After his death, he was entombed at the Notre Dame des Neiges Cemetery in Montreal.[7]
Family
[edit]In January 1886, Dandurand married Joséphine Marchand, daughter of Quebec premier and dramatist Hon Félix-Gabriel Marchand and his wife, Marie Herselie Turgeon. Josephine was born in Saint-Jean-d'Iberville, and was educated at the Convent of Les Dames de la Congregation de Notre Dame a branch of Villa-Maria. Her literary works included dramatic pieces, papers and essays on subjects of public interest and in relation to women's duties, rights and place. She founded and edited Le Coin du Feu, a women's paper. They were parents to daughter Gabrielle-Marie-Melinda Dandurand (1886–1933).
She was a member and office-bearer of the National Council of Women of Canada, in which she advanced practical schemes for the promotion of the industrial and fine arts in Canada and the establishment of a Department of Art. She was a member and office-bearer of the Women's Historical Society, the Victorian Order of Nurses. She was President of the Crèche of the Sisters of Mercy, Montreal, Quebec. In 1898, she was created an Officier Academic by the French government. In 1900, she was appointed as a Commissioner from the Canadian government of Canada to the Paris Exposition in Ottawa. In March 1903, she delivered an address before the Alliance française on "La Sociabilite."[8]
Archives
[edit]There is a Dandurand-Marchand collection at Library and Archives Canada.[9]
See also
[edit]References
[edit]- ^ Price, Peter (Winter 2017). "Senator Raoul Dandurand: Champion of an Independent Senate" (PDF). Canadian Parliamentary Review.
- ^ "Leaders of the Government". Parliament of Canada. Retrieved 2019-07-30.
- ^ "Leaders of the Opposition". Parliament of Canada. Retrieved 2019-07-30.
- ^ Canada, Senate of. "'A desire to do our best': Former senator Raoul Dandurand and the Quebec sculptor who immortalized him". SenCanada. Retrieved 2024-05-19.
- ^ "Right Hon. Raoul Dandurand". Parliament of Canada. Retrieved 2019-07-29.
- ^ Gibson, Sarah Katherine (2013-09-16). "Dreams of a 'fireproof house'". The Kingston Whig-Standard. Retrieved 2019-07-29.
- ^ Répertoire des personnages inhumés au cimetière ayant marqué l'histoire de notre société (in French). Montreal: Notre Dame des Neiges Cemetery.

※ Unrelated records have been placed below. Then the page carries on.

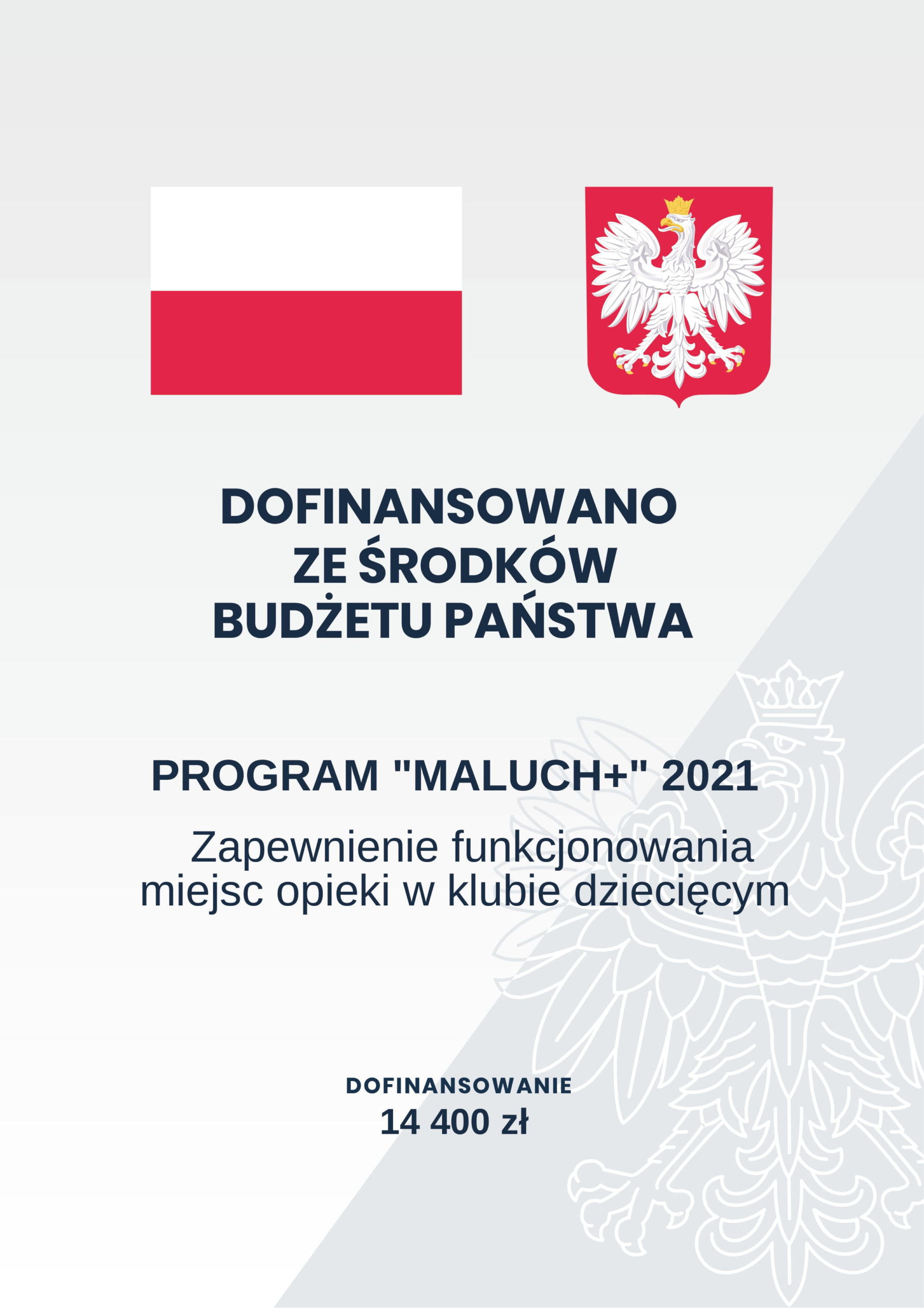 Rok 2021 jest kolejnym, w którym "Dziecięcy Zakątek" otrzymał dotację w ramach Resortowego Programu rozwoju instytucji opieki nad dziećmi w wieku do lat 3 „MALUCH+”. Program "Maluch+" wspiera rozwój instytucji opieki nad dziećmi w wieku do lat 3 - żłobków, klubów dziecięcych i dziennych opiekunów. Beneficjenci programu mogą otrzymać dofinansowanie do tworzenia i funkcjonowania miejsc opieki. "Maluch+" jest programem rocznym. Celem programu "Maluch+" jest zwiększenie dostępności terytorialnej i finansowej miejsc opieki w żłobkach, klubach dziecięcych i u dziennych opiekunów dla wszystkich dzieci, w tym dzieci niepełnosprawnych oraz wymagających szczególnej opieki. Dofinansowanie z programu wynosi 80zł na każdy miesiąc
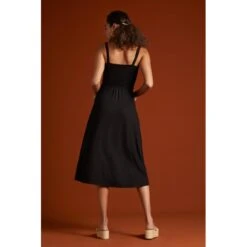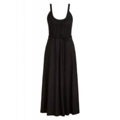 Description : midi (longueur sous le genou) à bretelles fines, une ceinture à nouer, jupe évasée, un tissu en jersey strech pour le confort.
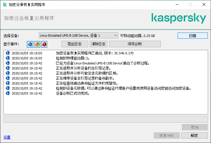 如果计算机可以访问 Kaspersky Endpoint Security 加密功能,“恢复实用工具”将提示您解锁设备。解锁设备并不进行解密,解锁的设备将可以直接访问。如果计算机不可以访问 Kaspersky Endpoint Security 加密功能,“恢复实用工具”将提示您解密设备。

- ^ Morgan, Henry James, ed. (1903). Types of Canadian Women and of Women who are or have been Connected with Canada. Toronto: Williams Briggs. p. 73.
- ^ "Dandurand-Marchand collection, Library and Archives Canada".
External links
[edit]- 1861 births
- 1942 deaths
- Speakers of the Senate of Canada
- Canadian senators from Quebec
- Leaders of the Opposition in the Senate of Canada
- Lawyers from Montreal
- Members of the King's Privy Council for Canada
- Politicians from Montreal
- Université de Montréal alumni
- Canadian members of the Privy Council of the United Kingdom
- Canadian King's Counsel
- Grand Officers of the Legion of Honour
- Commanders of the Order of the Crown (Belgium)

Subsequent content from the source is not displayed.